DE PROFUNDIS

Lamentazioni 3:55

Mentre questa terza elegia - la più ricca e la più elaborata delle cinque che costituiscono il Libro delle Lamentazioni - volge al termine, conserva il suo curioso carattere di variabilità, non mirando a nessun culmine, ma semplicemente proseguendo finché i suoi tre acrostici sono completati da i limiti dell'alfabeto ebraico, come un fiume che è monotono nella stessa successione dei suoi mutamenti, ora scorrendo in una buia gola, ora increspandosi alla chiara luce del sole, e di nuovo precipitando in tenebrose caverne.

La bellezza e la luminosità di questa poesia molto variegata si trovano al suo centro. Seguono pensieri più tristi. Ma questi non sono così completamente lamentosi come lo erano stati i passaggi iniziali. C'è un filo di continuità che può essere tracciato proprio attraverso la serie di cambiamenti che occupano l'ultima parte del poema. Il poeta, che una volta si è rivolto al rifugio della preghiera, non l'abbandona mai del tutto. Le meditazioni tanto quanto le suppliche che qui si verificano sono tutte dirette a Dio.

Una particolarità dell'ultima parte dell'elegia che merita particolare attenzione è l'interessante reminiscenza con cui il poeta trova incoraggiamento per le sue presenti preghiere. Sta ricordando le scene di quel periodo più angosciante della sua vita, il tempo in cui era stato gettato in una prigione sommersa.

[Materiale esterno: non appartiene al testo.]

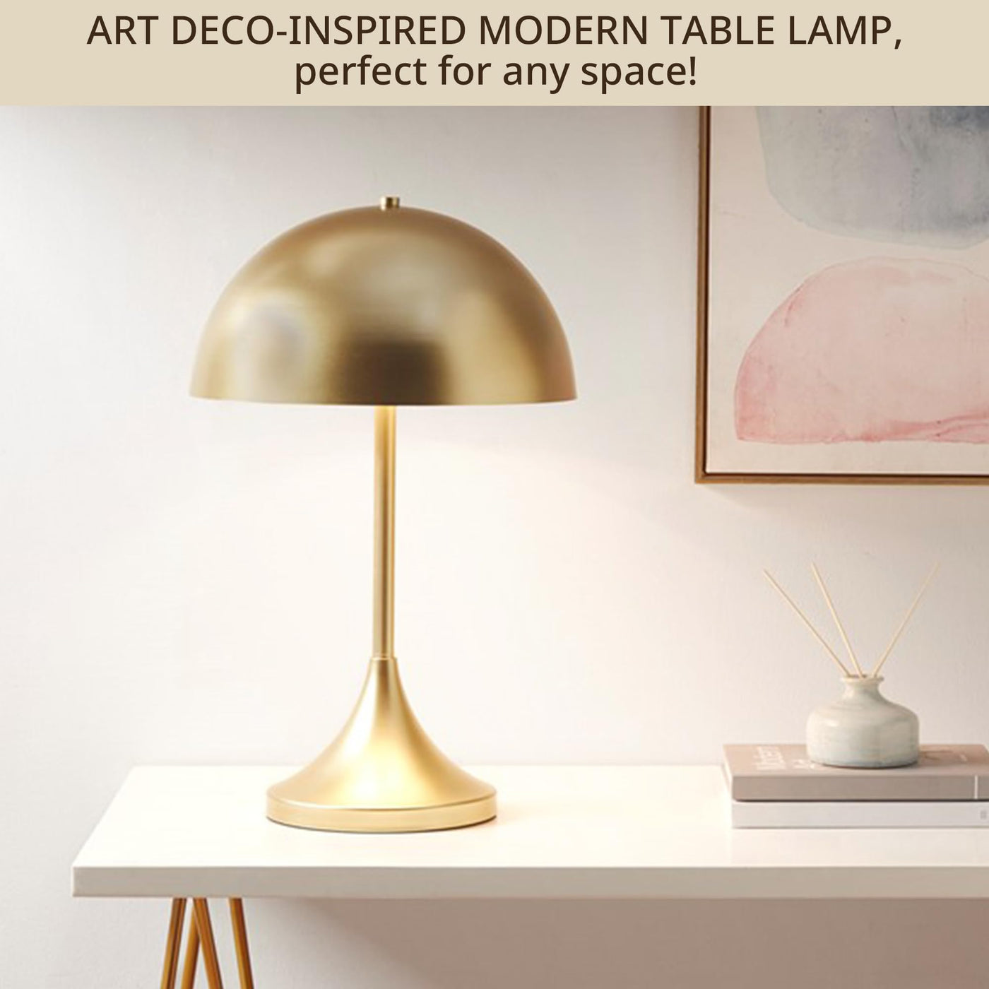 Illuminate your space with the art deco-inspired Bryson table lamp from Ink+Ivy. The elegant dome-shaped design features a gold metal shade and base, emitting soft ambient lighting perfect for side tables, nightstands, and more. It comes with a 2-year limited warranty for peace of mind.

Se mai si era avvicinato alla morte, doveva essere stato allora: sebbene la sua vita fosse stata risparmiata, la miseria della sua condizione era stata estrema.

Mentre si trovava in questa miserabile situazione, il patriota perseguitato chiese aiuto a Dio e, come ora ricorda per il suo attuale incoraggiamento, ricevette una risposta distinta e inequivocabile. La scena è più impressionante. Come si modella alla sua memoria, la vittima della tirannia si trova nel sotterraneo più basso. Questa frase suggerisce il pensiero del terribile Sheol ebraico. Così oscura era la sua esperienza e così vicino alla morte era il sofferente che gli sembra come se fosse stato davvero sprofondato nella stessa dimora dei morti.

Eppure qui trovò espressione per la preghiera. Era la preghiera dell'estremo estremo, quasi l'ultimo grido selvaggio di un'anima disperata, ma non del tutto, perché quella non è affatto preghiera, tutta preghiera che richiede una vera fede, anche solo come un granello di senape. Inoltre, il poeta afferma di aver invocato il nome di Dio.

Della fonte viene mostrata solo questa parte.